Reinforcement learning from human feedback, or RLHF, is the training step that turns a raw large language model — a system that just predicts plausible next words — into an assistant that follows instructions, declines harmful requests, and answers in a way people actually find helpful. It works by having people compare different AI answers to the same prompt, ranking them best to worst, and using those rankings to teach the model what a good response looks like.
What It Is
A freshly pretrained language model is very good at continuing text in a statistically plausible way, but it has no built-in sense of which continuation a person would actually prefer. Asked a question, it might answer helpfully, ramble, refuse for no reason, or repeat the question back. Reinforcement learning is a branch of machine learning in which a system learns by taking actions and getting a reward signal for good ones. RLHF applies that idea to language models: instead of a programmer writing a formula for what counts as a “good” answer, human raters supply the reward signal by judging real model outputs.
How It Works
RLHF is usually run in three stages, after a model has already been pretrained on huge amounts of text:
- Supervised fine-tuning. Human writers produce ideal example answers to a set of representative prompts, and the pretrained model is fine-tuned to imitate that style of response.
- Reward model training. For a given prompt, the model generates several different answers. Human labelers rank them from best to worst. Those rankings train a second, separate model — the reward model — to predict how a person would score any new answer, effectively turning human judgment into a number a computer can optimize against.
- Reinforcement learning fine-tuning. The original model is fine-tuned again, this time using an RL algorithm (commonly Proximal Policy Optimization) that rewards it for producing answers the reward model scores highly. A penalty keeps the model from drifting too far from its original language ability, since a model chasing a high reward-model score with no constraint can learn to produce fluent-sounding nonsense that games the score rather than genuinely helpful text — a failure mode known as reward hacking.
A useful analogy is a writing coach who doesn’t hand students a rigid grading rubric, but instead shows them two drafts of the same essay side by side, says which one is better, and repeats that comparison many times. Over many rounds, the student — or in this case, the model — learns to produce the kind of writing that keeps winning approval, without ever being told an explicit rule for why.
Why It Matters
RLHF is the main reason a modern chatbot answers in a conversational, instruction-following way rather than simply continuing text like an autocomplete engine. OpenAI’s 2022 InstructGPT research, which introduced the technique to today’s large language models, found that human evaluators preferred the answers of a 1.3-billion-parameter RLHF-trained model over those of the raw 175-billion-parameter GPT-3 it was built from — despite GPT-3 being over a hundred times larger. Size alone did not make a model helpful; the human-feedback training did.

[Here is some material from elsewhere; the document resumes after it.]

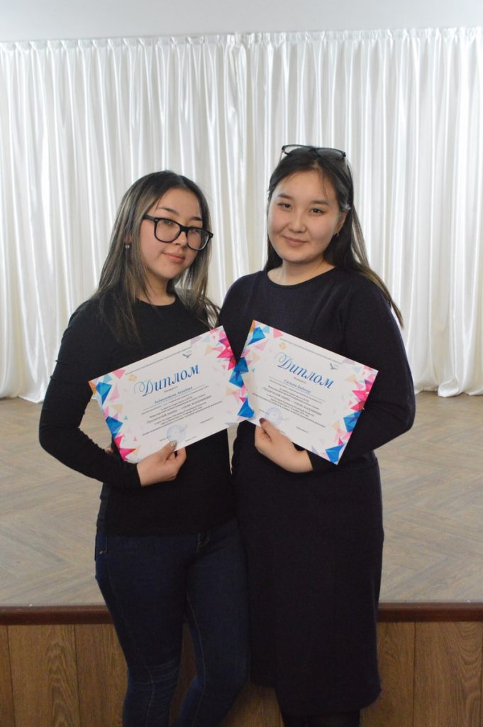 1 место – Толекбаева Данагуль, студентка III курса специальности «Государственное и местное управление» с докладом на тему «Қазақстан Республикасында мемлекеттік жастар саясатын дамытуды пайымдау». Научный руководитель — магистр экономических наук, ст.преподаватель Тулегенова Айнагуль Утегеновна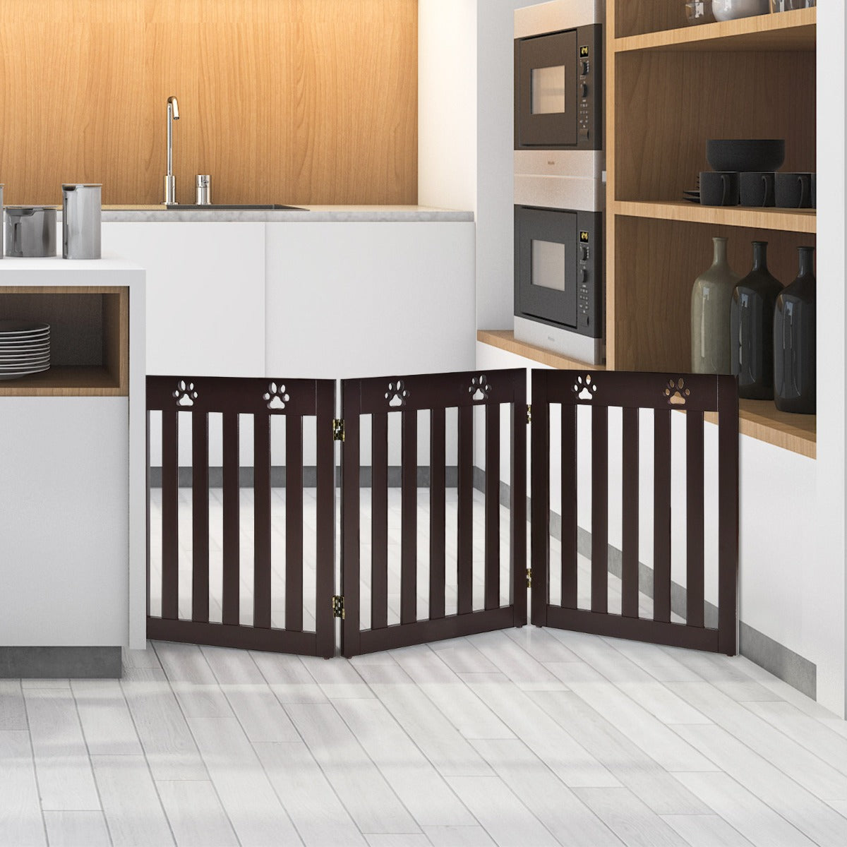 Sturdy Structure & Stylish Addition: Made of quality MDF with NC paint, this wooden pet gate is durable for long time use and waterproof for easy maintenance. And the foot pads on the bottom ensures strong stability while protecting your floor from scratches. Besides, the stylish design can suit any decoration style of your home.

RLHF has real limitations. Collecting enough human comparisons is slow and expensive, and the process only reshapes how a model expresses what it already learned during pretraining — it does not add new knowledge or reasoning ability, and it does not stop a model from confidently stating wrong information (see our explainer on AI hallucination). Because the ranking data reflects whatever a specific pool of human raters happened to prefer, the resulting model’s tone and judgment calls inherit those raters’ assumptions and blind spots, which is one reason different AI labs’ assistants can feel noticeably different from one another.
Not every AI lab relies on RLHF the same way. Anthropic’s Constitutional AI approach replaces much of the human ranking step with a written set of principles that a model uses to critique and revise its own draft answers — a variant sometimes called reinforcement learning from AI feedback, or RLAIF — specifically to reduce how many harmful examples human labelers have to read and rank by hand. Both approaches are tools within the broader effort known as AI alignment: getting a model’s behavior to actually match what its designers and users intend.
FAQ
Does RLHF make a model smarter? No. It doesn’t add facts or reasoning ability — it reshapes how the model expresses the knowledge and capability it already gained during pretraining, steering it toward answers people rate as more helpful and appropriate.
Is RLHF the same as content moderation? Not quite. RLHF shapes a model’s general helpfulness, tone, and willingness to follow instructions. Separate safety filters and moderation systems are typically layered on top to catch specific disallowed content.
Who came up with RLHF? It builds on reinforcement-learning research going back years earlier, but OpenAI’s 2022 InstructGPT paper was what turned it into the standard method labs use to align large language models with human instructions.
Why do RLHF-trained models still make mistakes? RLHF optimizes for style, helpfulness, and instruction-following, not factual accuracy. Getting facts right is a separate, still-unsolved problem tackled with other techniques.
Sources: Illustrating Reinforcement Learning from Human Feedback (Hugging Face); Training language models to follow instructions with human feedback (OpenAI InstructGPT paper); Constitutional AI: Harmlessness from AI Feedback (Anthropic).